Guiri, ce dit de celle qui vient d'ailleurs

Être guiri : le lot de celle qui vient d’ailleurs

Karine a longtemps été fière de se dire « guiri ». Fière à le crier à la volée. Ce mot, elle le tient de la bouche d’un gaditane de Puerta de Tierra, la ville nouvelle. Et si Karine a d’abord été fière, c’est qu’elle a entendu le mot comme elle voulait qu’on la voie :  comme une étrangère installée à Cadix, une expat’. Mieux : comme une fille que Cadix aurait adoptée.

En réalité, le mot de « guiri », utilisé dans toute l’Espagne, désigne le touriste, celui qui fait un tour de la ville et qui en sort… pour ne jamais revenir.

Une histoire de famille

Le mot de « guiri » est apparu au XIXe siècle, lors des guerres civiles opposant les Carlistes – les partisans de Don Carlos – à ceux de la reine Marie-Christine de Bourbon, appelés les « Cristinos ».

Une histoire de famille, soldée par la défaite des Carlistes, et dont la langue porte les traces :

  • Le mot « cristinos », prononcé à la basque par les forces carlistes du nord, est d’abord devenu « guiristinos ».
  • Amputé ensuite de ses deux dernières syllabes, « guiristinos » a fini en « guiri ».

Pendant un temps, le mot abrégé a collé à la peau des partis d’opposition et désigné aussi la police à la botte du dictateur Franco.

Un mot familier

Le mot, entré dans le dictionnaire, est signalé comme « familier », cette langue parlée entre membres d’une même tribu.

Un mot intraduisible, à l’image de beaucoup de mots façonnés par l’âme d’un pays, repris tel quel comme le sont les mots de « duende » – l’esprit du flamenco – ou celui de « fiesta » – cette fête qui se passe d’occasion calendaire pour être.

Dans la langue de Cadix, être un « guiri », c’est venir d’ailleurs. Quel que soit le temps où l’on demeure dans la ville. Un peu comme les « othneioi » grecs – les étrangers – par opposition aux « oikeioi », les membres d’une même maison.

Le Wikipedia anglais juge le mot péjoratif. Disons qu’on l’entendra selon l’envie que l’on a d´être accueilli, assimilé, selon le regard, la gestuelle, l’intonation, la gestuelle de son diseur.

Guiritana

À Cadix, on peut venir de San Fernando, la première ville à la sortie de la plage de la Cortadura, et être traité de « guiri ». Parce qu’à Cadix, on est en deux pas d’ailleurs : c’est que, dans la langue gaditane, Cadiz – à prononcer /Ka’ï/ – désigne d’abord la ville ancienne, le Cadiz norte, le « casco antiguo ». Dit à la parisienne, le Cadix intramuros. Du temps où le casco était prospère, ses habitants étaient appelés « las tirillas », par opposition à « los beduinos », les guiris de Cadiz Sur, de Puerta de Tierra, le Cadix extramuros.
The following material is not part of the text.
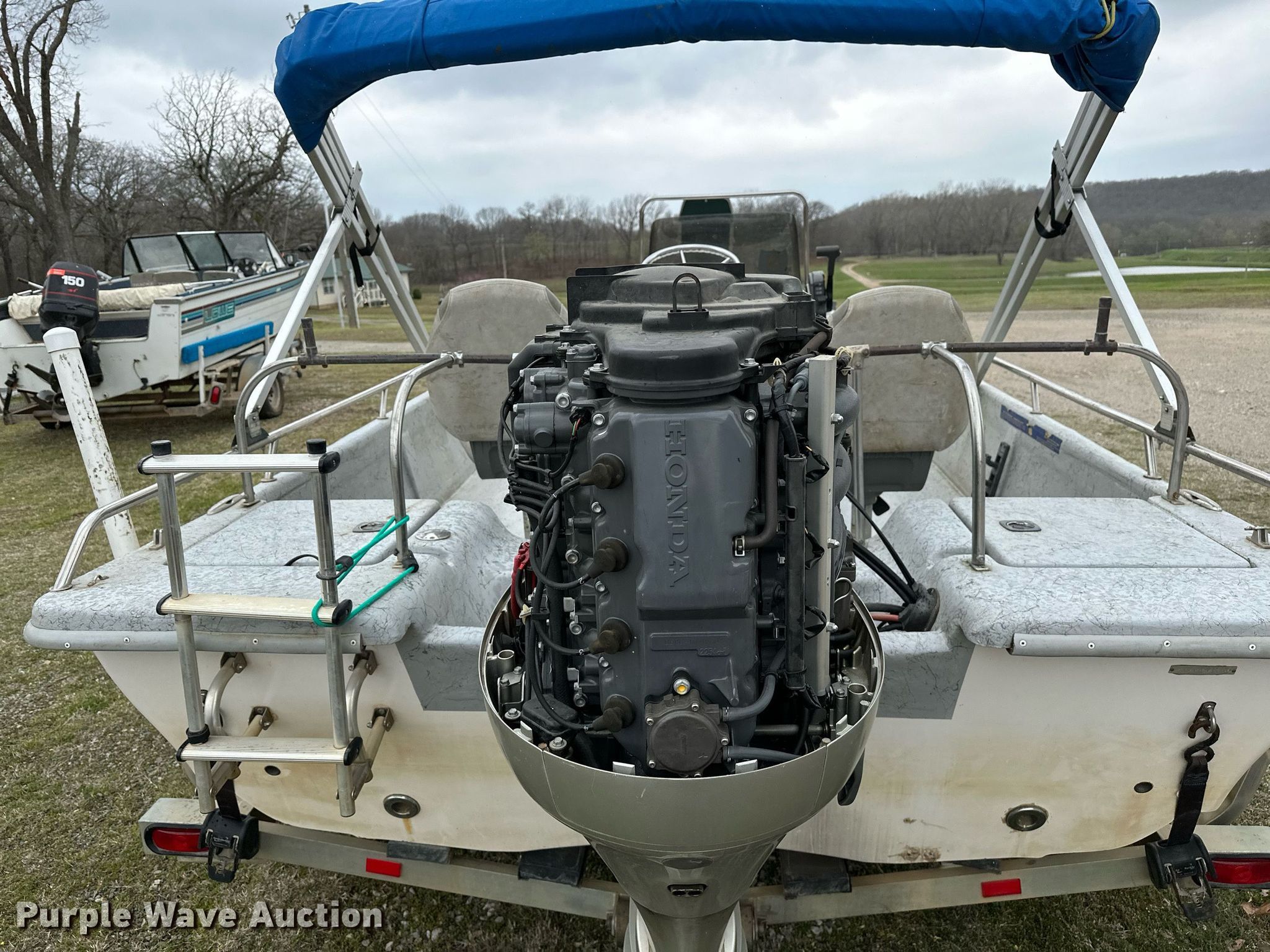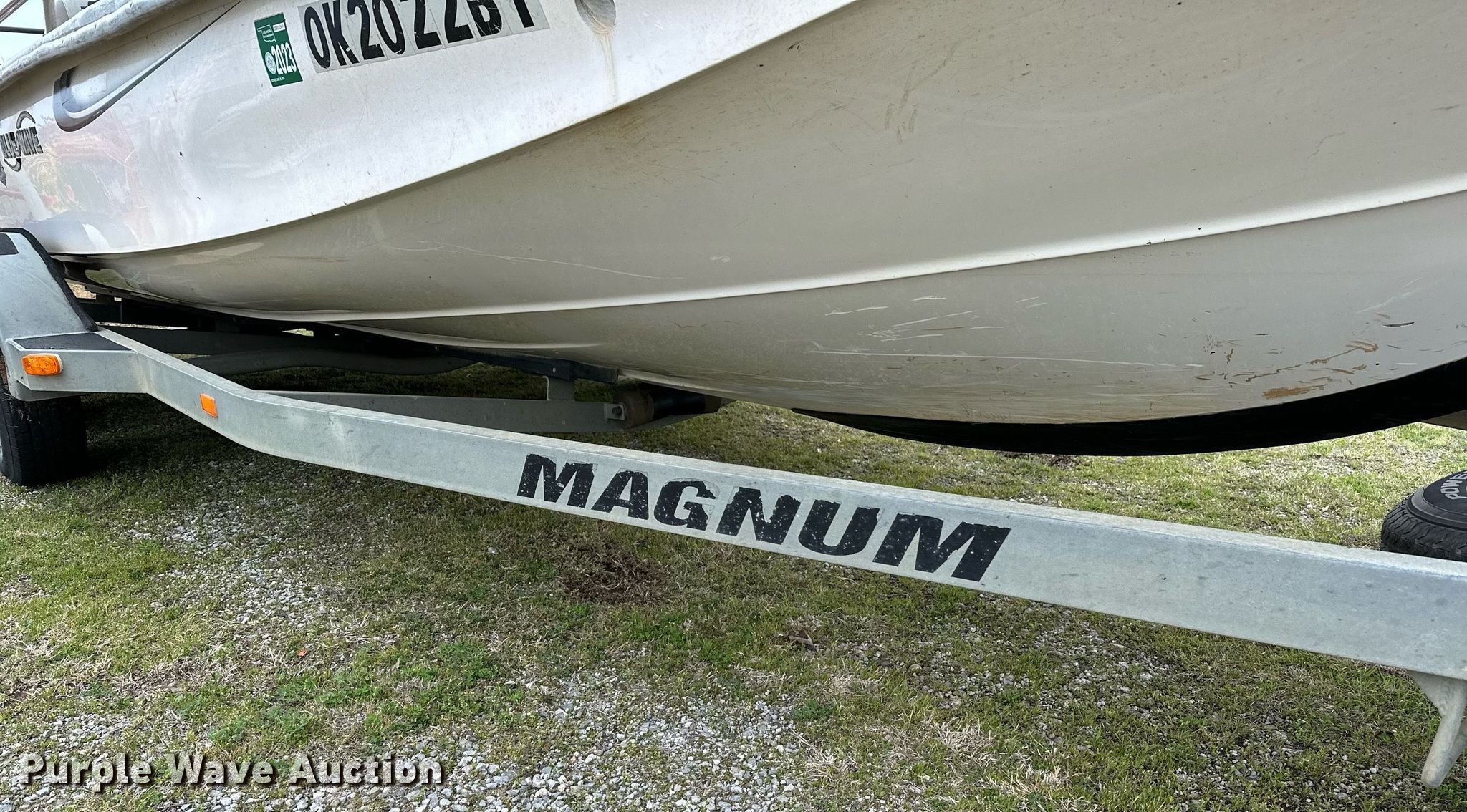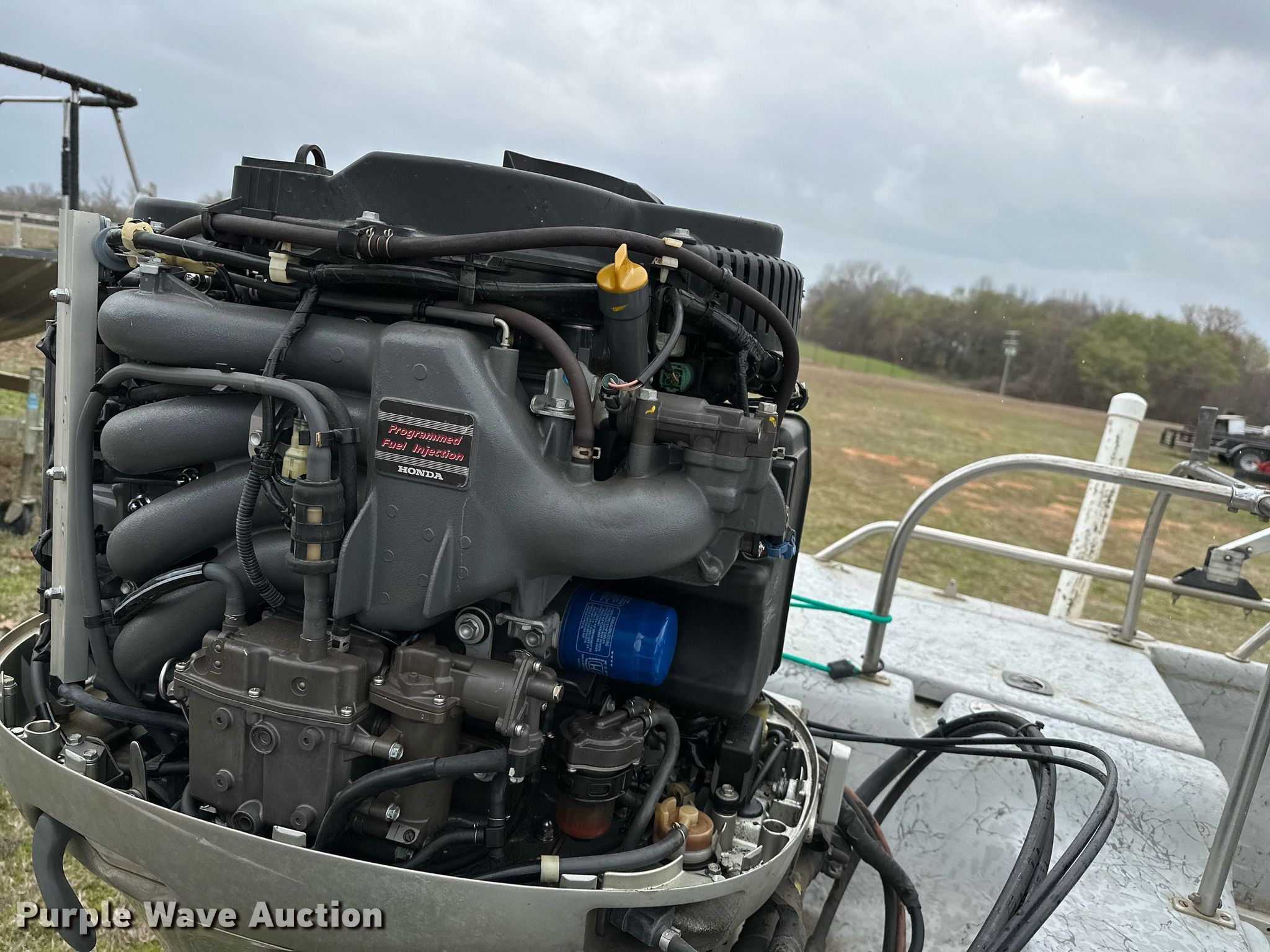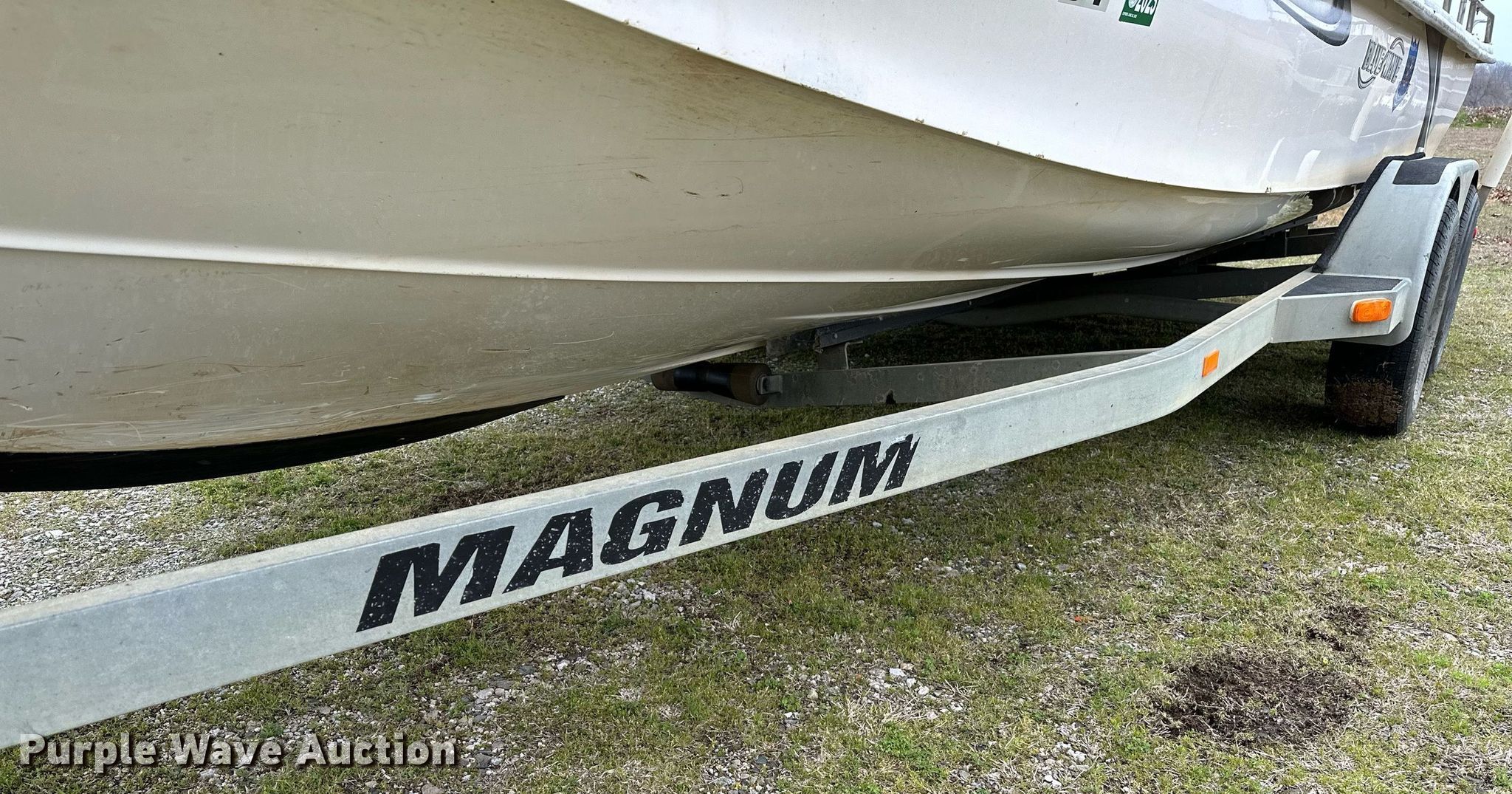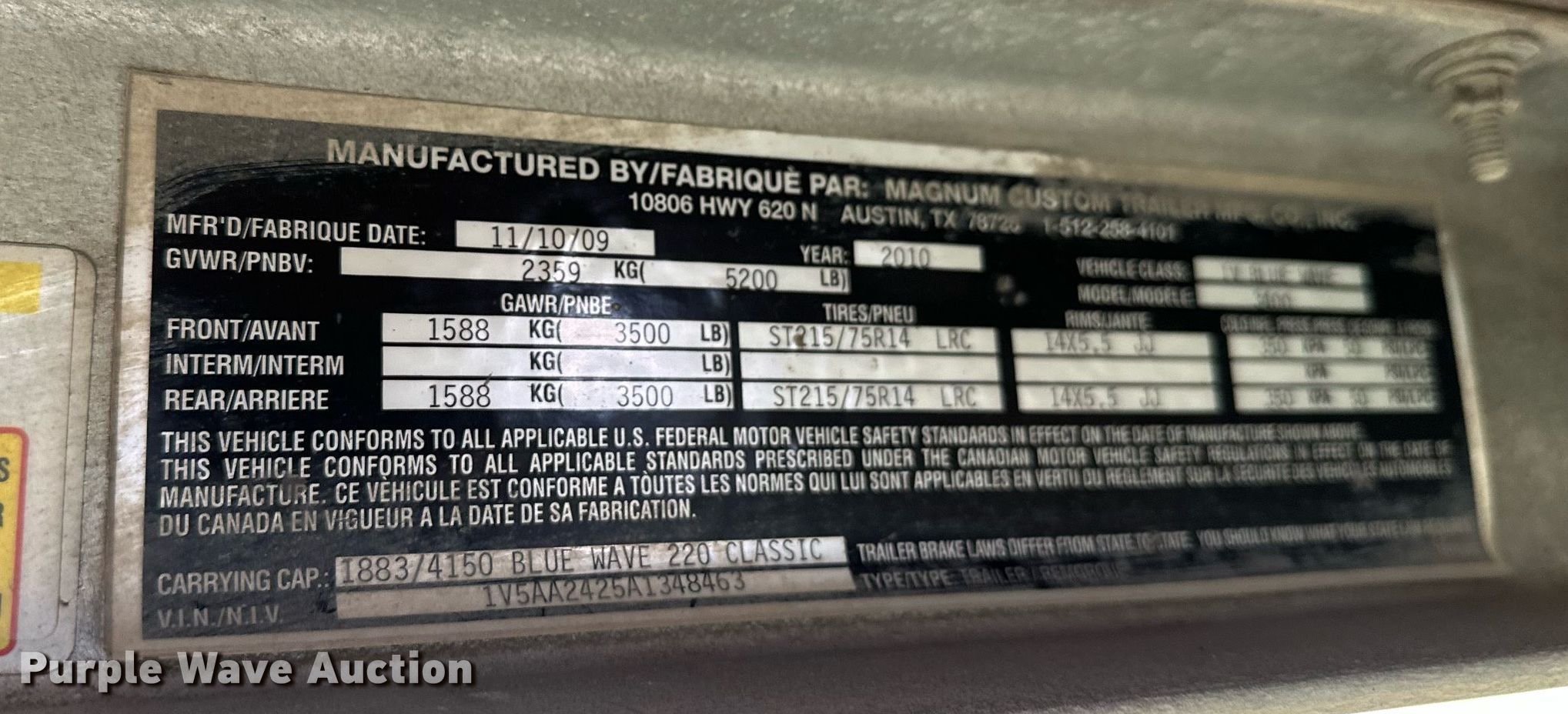 2010 Blue Wave 220 Classic boat. Hours: Unknown, Length: 22', Hull ID: PWV09668K910. Engine Engine type: Outboard, 2003 Honda 130, Serial: 1401207, Cylinders: 4, Fuel type: Gas, HP: 130, Outdrive Propeller: Stainless steel. Operators station Capacity Person: 9, 1,350 lbs. Features Bimini top. Trailer 2010 Magnum 3400, VIN: 1V5AA2425A1348463, Overall length: 26', Overall width: 102", GVWR: 5,200 lbs, Ball hitch size: 2", Axles: Tandem, Tire size: 215/75R14. Notes Contents not included, Dead battery. Boat- Oklahoma title. Motor - Oklahoma title. Trailer - Transfer of ownership documentation will be a bill of sale. Title distribution may be delayed up to 30 days from verification of funds. Oklahoma Department of Wildlife Conservation. 3733 State Highway 48. Holdenville, OK 74848

A une époque pas si lointaine, qu’une fille de Puerta de Tierra épouse un gars du casco, c’était un peu comme si une Capulet épousait un Montaigu.

Depuis, Karine, la « guiri » de Paris, a rendu au mot ses deux syllabes tronquées pour devenir une « guiritana », un mixe de « guiri » et de « gaditana », la gaditane. Afin de dire au plus près ce qu’elle se sent à Cadix : d’ailleurs mais aussi d’ci.